Items from a dataset:
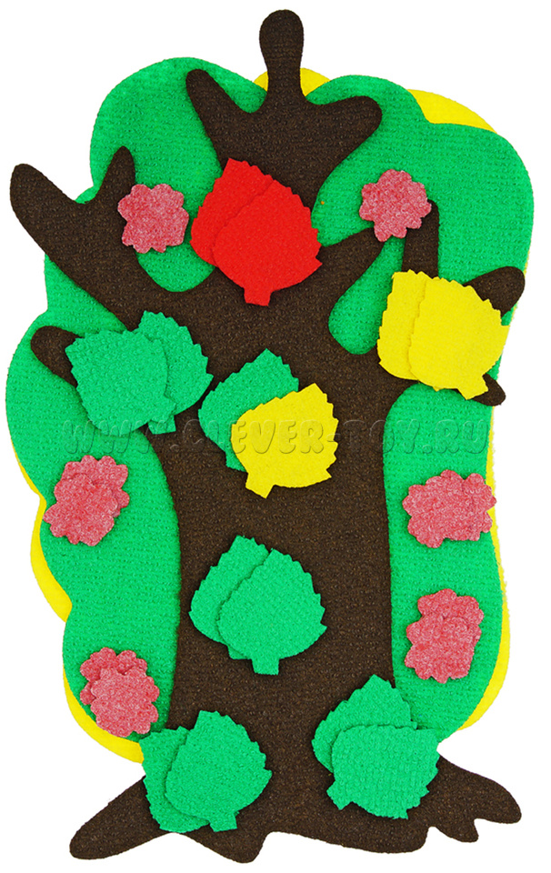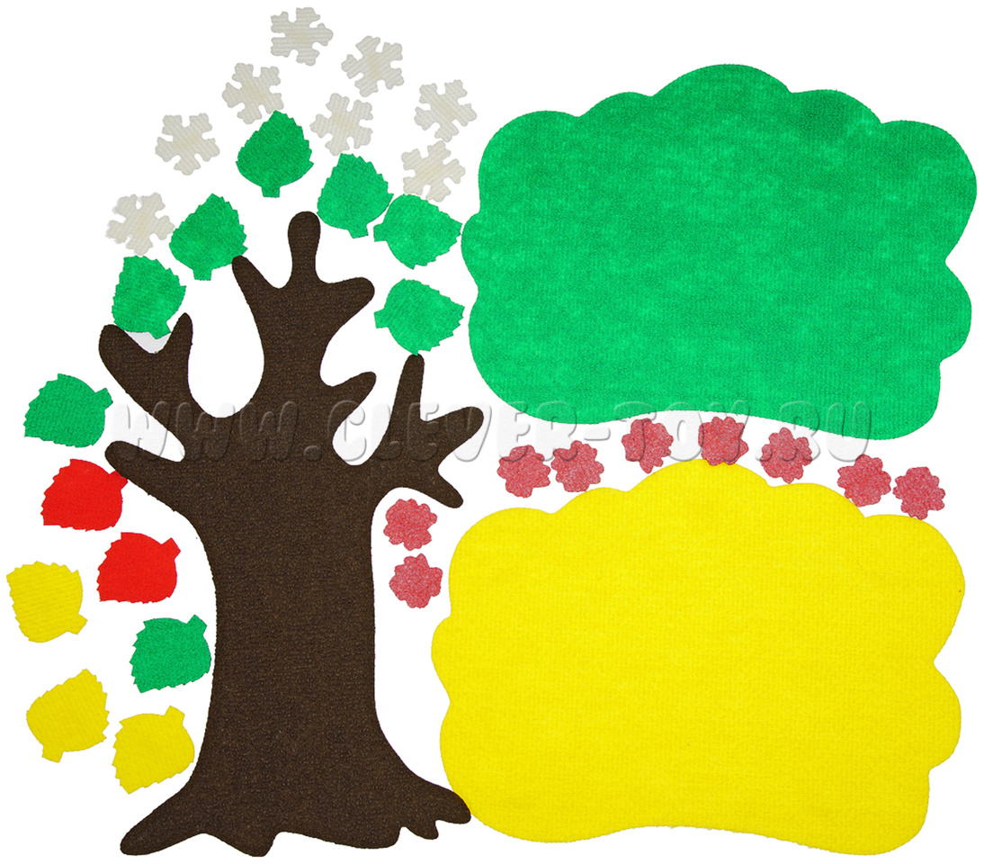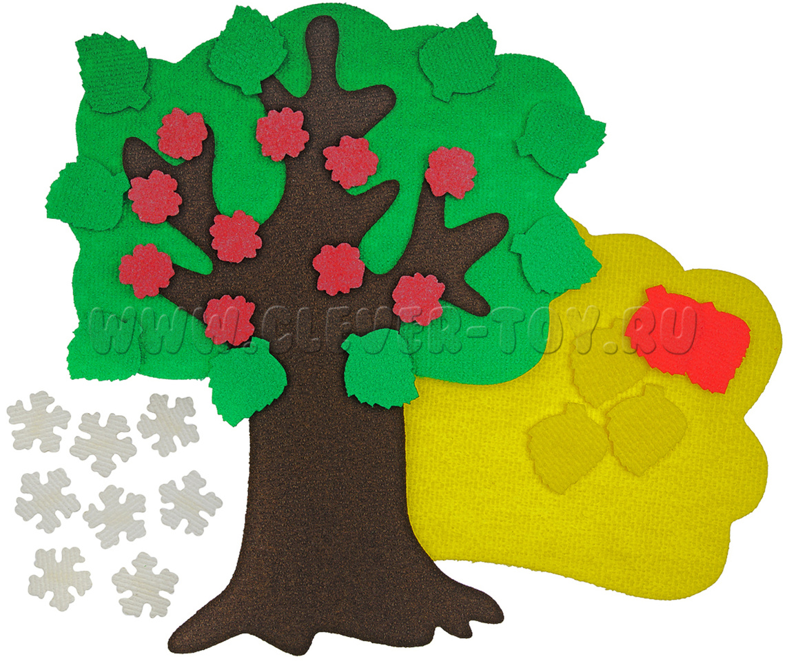 - снежинки 10 шт., листочки зелёные 10 шт., листочки жёлтые 10 шт., цветочки 10 шт.;
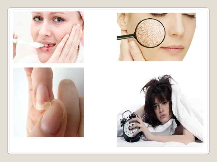 Дефицит витамина С При выраженном дефиците витамина С наблюдаются следующие симптомы: • Ослабленный иммунитет • Кровоточивость дёсен • Ломкость ногтей • Сухость и бледность кожи • Замедление регенерации тканей • Тусклость и выпадение волос • Вялость и быстрая утомляемость • Ослабление тонуса мышц • Боли в конечностях и крестце • Плохое состояние зубов (расшатывание, выпадение) • Повышенная хрупкость кровеносных сосудов Современные ученые оспаривают тот факт, что недостаточное количество витамина может привести к развитию всех вышеуказанных симптомов – негативные проявления наблюдаются лишь в случае длительного и хронического отсутствия аскорбиновой кислоты (в этом случае развивается цинга).
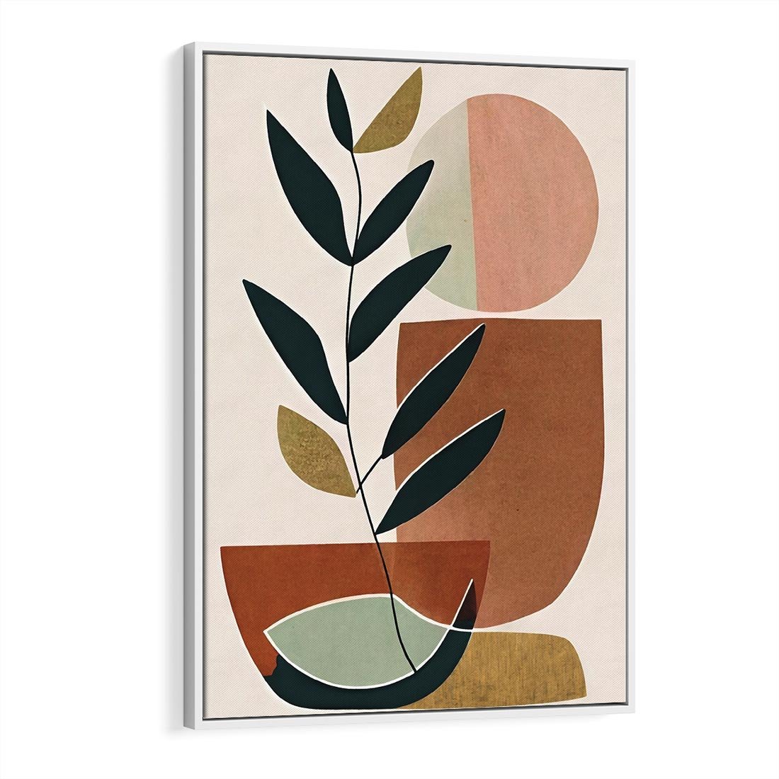 Ten boho obraz zachwyca abstrakcyjną interpretacją natury. Wyraziste kształty liści i roślin tworzą harmonijną kompozycję, podkreślając piękno natury. Centralnym punktem jest stylizowane słońce, które emanuje ciepłem i pozytywną energią. To dzieło sztuki wplata naturę w abstrakcyjny kontekst, tworząc unikalny i urzekający efekt wizualny.
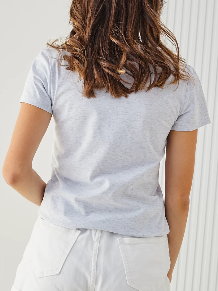 • Originaalne naiste särk ümmarguse kaelusega, valmistatud pehmest ja meeldivast kangast. Kogu särk on kaunistatud silmatorkavate sädelustega ning lühikesed varrukad lisavad kergus. Täiuslik valik moekate ja stiilsete riietuste loomiseks!
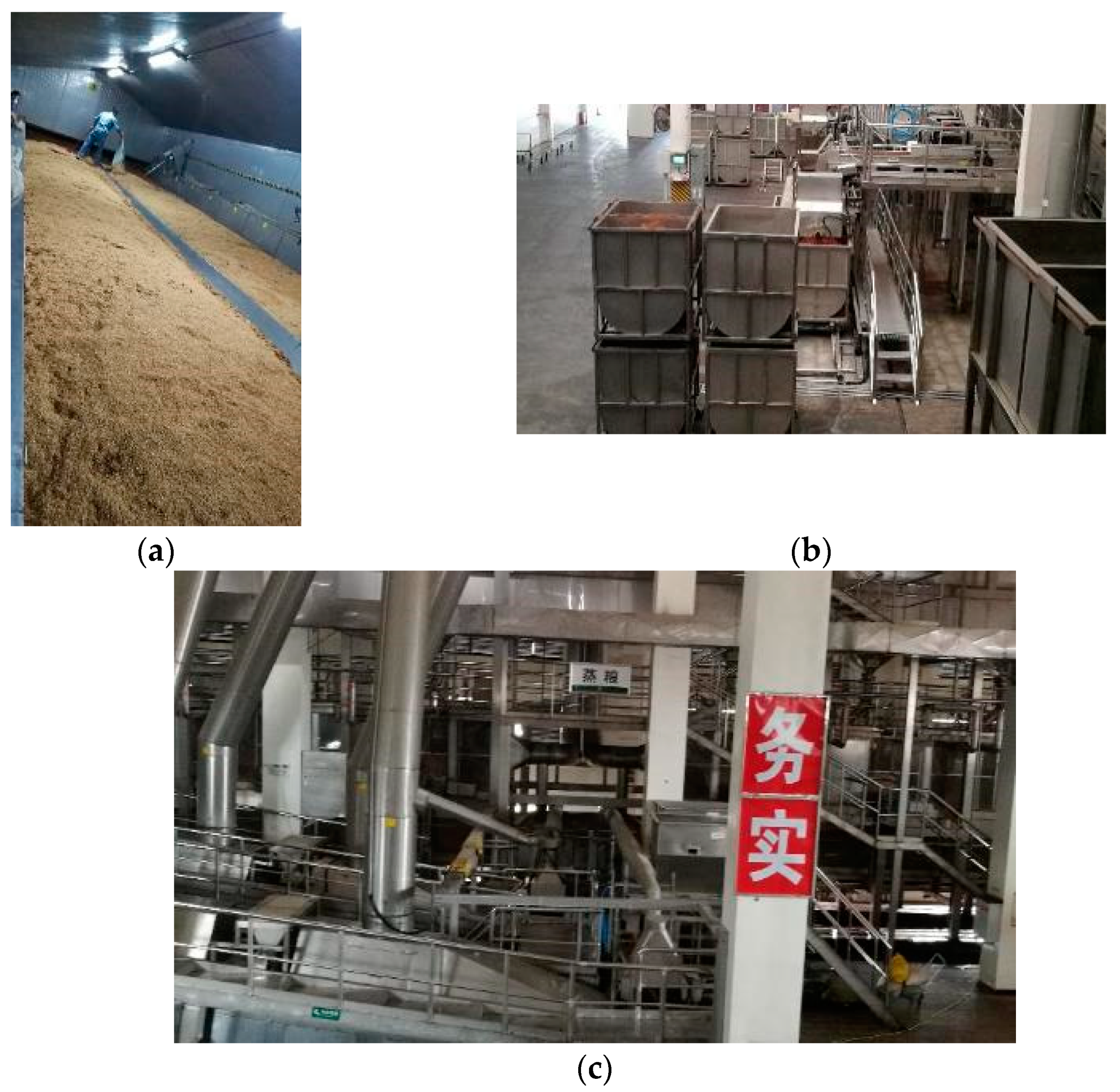 Relatively speaking, the degree of automation and intelligence for the Xiaoqu MFB produced by SSF is higher because of the use of the SSFT. For example, in 2010, Fenglin distillery of Jingpai Co., Ltd. (Huangshi, China) used an SSFT as the fermentation container for the brewing of Xiaoqu MFB for the first time [7]. Then, a complete automatic production line including grain steaming, cooling, Jiuqu addition, saccharification, fermentation, and distillation was gradually established as the “digital intelligent brewing demonstration workshop of Chinese Baijiu”. The production process is shown in Figure 9, and it is described as follows [8]. First, the raw grains were soaked in a stainless-steel tank for 20–24 h; then, they were transported by self-weight to a rotary grain steaming pot for high-pressure cooking. After cooking, the steamed grains were cooled down, and the Jiuqu was automatically added and mixed with the steamed grains. Then, the mixture was transported by a chain plate conveyor belt at a slow speed to saccharification workshops equipped with temperature-controlling equipment as shown in Figure 10a. After saccharification for 24 h, screw conveyors were used to evenly mix the saccharified and distilled grains, and movable fermentation tanks were used as the fermentation containers, as shown in Figure 10b. The fermentation tanks were placed in a fermentation chamber with a temperature control system for 15–18 days. After fermentation, the tanks with the fermented grains were placed on turnover machines by the forklift trucks, so as to discharge the grains to be transported to the distillation part by conveyor belts. The steamer-filling was conducted by intelligent robots, and automatic liquor picking was realized based on an online monitoring of the alcohol content. The obtained base liquor was weighed on site and was transported to the storage tanks directly through a pipeline. The distilled grains were discharged into another container through an openable bottom of the steamer. During the entire production process, only one or two workers were required to inspect the production line in the workshop as shown in Figure 10c; another few workers monitored the production parameters in the control center. The number of workers in the brewing workshop was reduced by 80% after the above production line was used, whereas the production efficiency was greatly improved.

▶ **ACTION ITEM**
The result should be an exact copy of only the lines above from the one that holds "Ten boho obraz" through the one that holds "stiilsete riietuste loomiseks!", both ends included, without pictures.

▶ **EXERCISE ANSWER**
 Ten boho obraz zachwyca abstrakcyjną interpretacją natury. Wyraziste kształty liści i roślin tworzą harmonijną kompozycję, podkreślając piękno natury. Centralnym punktem jest stylizowane słońce, które emanuje ciepłem i pozytywną energią. To dzieło sztuki wplata naturę w abstrakcyjny kontekst, tworząc unikalny i urzekający efekt wizualny.
 • Originaalne naiste särk ümmarguse kaelusega, valmistatud pehmest ja meeldivast kangast. Kogu särk on kaunistatud silmatorkavate sädelustega ning lühikesed varrukad lisavad kergus. Täiuslik valik moekate ja stiilsete riietuste loomiseks!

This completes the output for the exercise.